A cautious approach to concessions
The broader shift toward widespread pour‑overs is driven largely by revenue considerations, a motive that has already persuaded Iowa State to announce a full‑scale beer program for the 2026 season, a decision championed by coach Matt Campbell and supported by the Cyclones’ leadership, including TJ Otzelberger.

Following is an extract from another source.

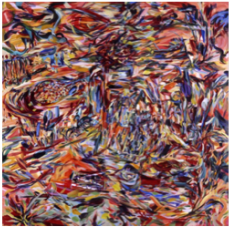
Naomie Kremer Red Squared 2008 Oil on linen 119.4 x 119.4 cm (47 x 47 inches) £10,500

At K‑State, alcohol is already available at baseball and basketball contests and in a few designated zones of the football venue, but the policy stops short of a campus‑wide concession stand rollout; some fans appreciate the flexibility to exit and re‑enter the stadium at will.
Recruiting momentum
The conversation turns to the program’s future talent pipeline, where the 2027 recruiting class has already attracted 27 prospects, among them four‑star defensive back Cooper Ohnmacht, the top‑rated recruit in the Sunflower State, and 6‑foot‑6, 245‑pound lineman Finn Walker, who holds offers from several conference peers, as well as defensive standouts Joseph Graves and Joshua Vilmael.
The class also surfaces a missed opportunity: the program fell short in courting local NBA draft hopefuls such as Keaton Wagler, Bennett Stirtz and Cameron Carr, a shortfall that contributed to the dismissal of former coach Jerome Tang.
New head coach Casey Alexander, who recently extended offers to prospects in Kansas City and expressed a desire to tap into Wichita talent, inherits a roster reshaped by those departures.
Meanwhile, the Detroit Pistons’ second‑round selection of Ugonna Onyenso, a former K‑State big man who struggled in Manhattan before thriving at Virginia, underscores the unpredictable pathways of player development.